Next we modeled the relationship between gene values (ΔCt) and age, sex, and HF, by using a general linear model. After normalization to Casq2 or to Gapd, only three [transglutaminase 2 (TGM2), Lum, mitogen-activated protein kinase kinase 3 (Map2k3)] and four [(Lum, Map2k3, CCAAT/enhancer binding protein, β (Cebpb), phospholipase A2 (Pla2g2a)] of the 31 gene products, respectively, were significantly altered with HF, independent of age or sex (Table 3). Regardless of the normalization procedure, Lum (Fig. 2D) and Map2k3 transcript abundance increased, on average, by 8.3- or 4.7-fold, respectively. Many other significant changes in expression with HF (P < 0.05) were identified, but the extent of the change caused by HF depended on age or sex (Table 3). The observed HF changes in gene expression that varied by sex included Calponin 1, (Cnn1)^ΔCtC/G, Pla2g2a^ΔCtC, insulin growth factor binding protein 4, (Igfbp4)^ΔCtC/G, mitogen activated protein 4 kinase 5 (Mapk4k5)^ΔCtC and cyclin-dependent kinase inhibitor (Cdknia)^ΔCtC/G. In some cases only one sex (Cnn1, Fig. 3A) demonstrated changes with HF. In other cases, opposite effects occurred between males and females. For example, in males Grp58^ΔCtC expression decreased with HF, whereas in females, expression increased (Fig. 3B), and when males and females were combined in this larger data set, no significant change in expression could be demonstrated.

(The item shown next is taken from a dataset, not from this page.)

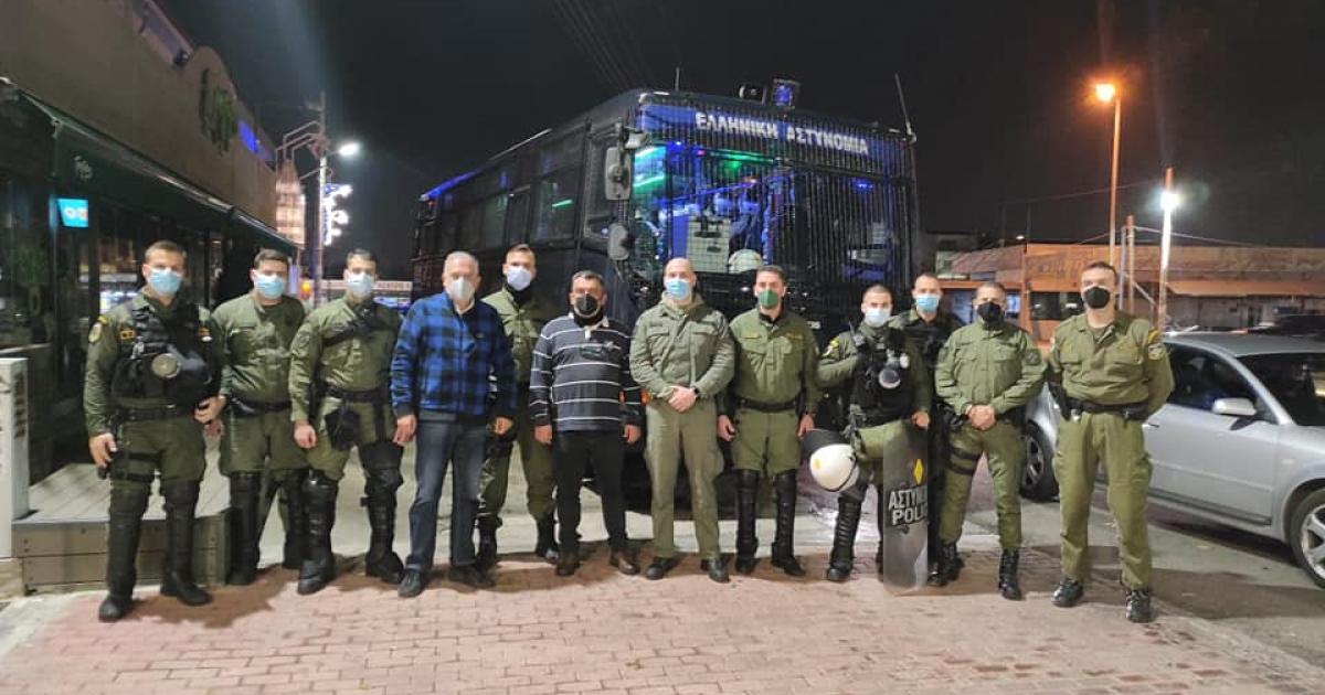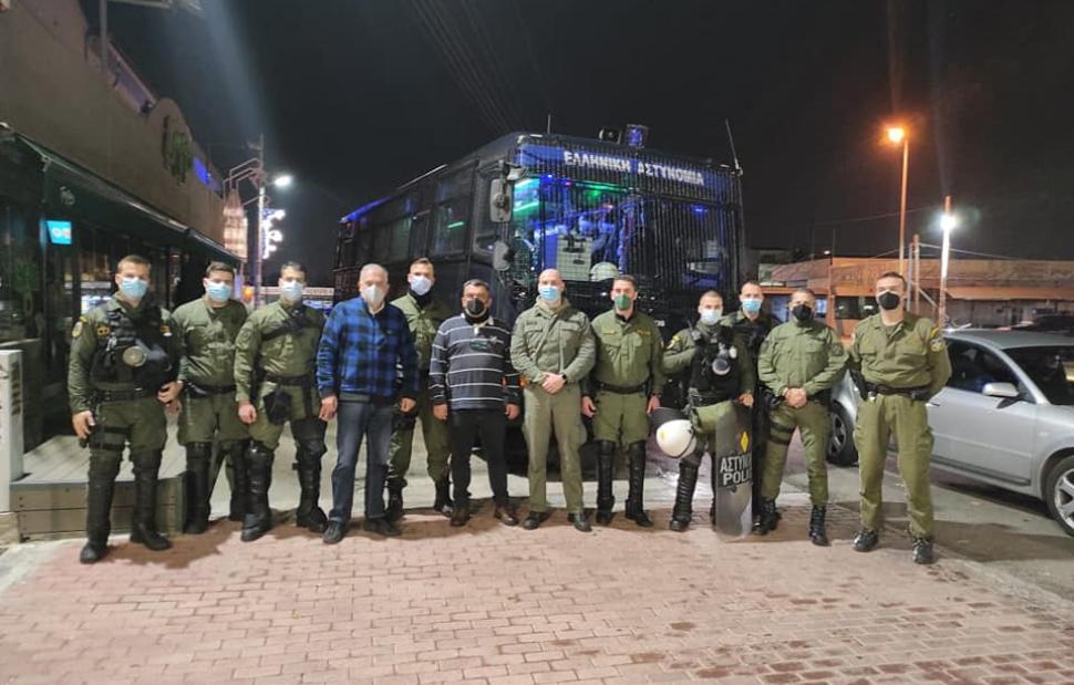«Με τους άνδρες της 514 διμοιρίας της ΥΑΤ στα Άνω Λιόσια. Τους ευχαρίστησα για τον επαγγελματισμό τους στις αποστολές που αναλαμβάνουν, ανταλλάξαμε ευχές για τη νέα χρονιά και συζητήσαμε τα θέματα που τους απασχολούν».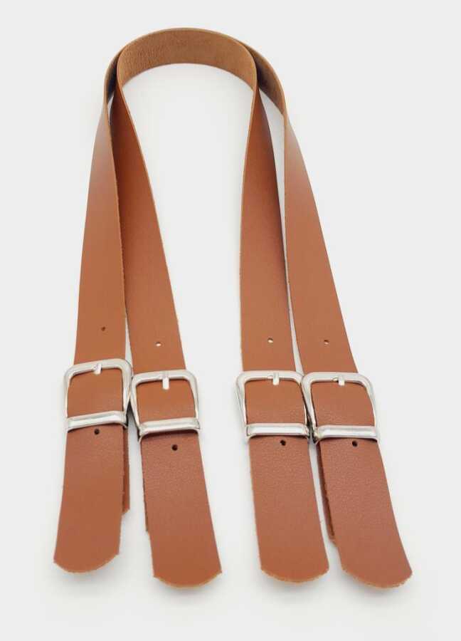 Angel Çanta Aksesuar Tokalı Model Suni Deri Taba Renk Çift Çanta Sapı Gümüş Metal

General linear model statistical analyses of Q-PCR data on a subset of HF-responsive gene products, which vary by age or sex. Data are presented as ΔCt after normalization to Casq2 or Gapd. Note the greater the ΔCt value, the lower the abundance. (A) Calponin 1 (Cnn1^ΔCtG), a HF-responsive gene product that affected primarily females. (B) Grp58^ΔCtG, a HF-responsive gene that was differentially expressed in males and females. (C) Mars^ΔCtG, a HF-responsive gene with age-dependent decreases in expression (R² = 0.36). Note that nonfailing hearts did not demonstrate any age-dependent effects. (D) Pla2g2a^ΔCtG, a HF-gene product with age-dependent increases in expression in both males and females (R² = 0.36). HF patients appear to have Pla2g2a at quantities equivalent to nonfailing old hearts. (E) Flnc^ΔCtG, a HF-responsive gene product that shows striking age-dependent decreases in females (R² = 0.56). Males demonstrate almost no HF or age dependence. (F) Dscr3^ΔCtC, age-, sex-, and HF-dependent interactions, indicative of complex biological interactions that contribute to the breadth of gene expression changes generally seen in microarray analyses of failing and nonfailing human hearts (R² = 0.36). Diamonds, nonfailing males; triangles, failing males; circles, nonfailing females; squares, failing females.

The abundance of some transcripts was altered with HF, but the extent of change varied by age. For example, methionyl-tRNA synthetase (Mars) decreased significantly in abundance with HF as a function of age, whereas nonfailing hearts did not demonstrate any changes in the expression of this transcript with aging (Fig. 3C). Pla2g2a abundance, on the other hand, significantly decreased as a function of both age and HF, but the change in HF did not depend on age, as can be seen by the parallel, negatively sloped lines in Fig. 3D. The abundance of some other transcripts that varied with age exhibited differential changes in HF. Filamin C, γ (Flnc), for example, shows striking age- and HF-dependent changes in females, and only modest changes in males (Fig. 3E).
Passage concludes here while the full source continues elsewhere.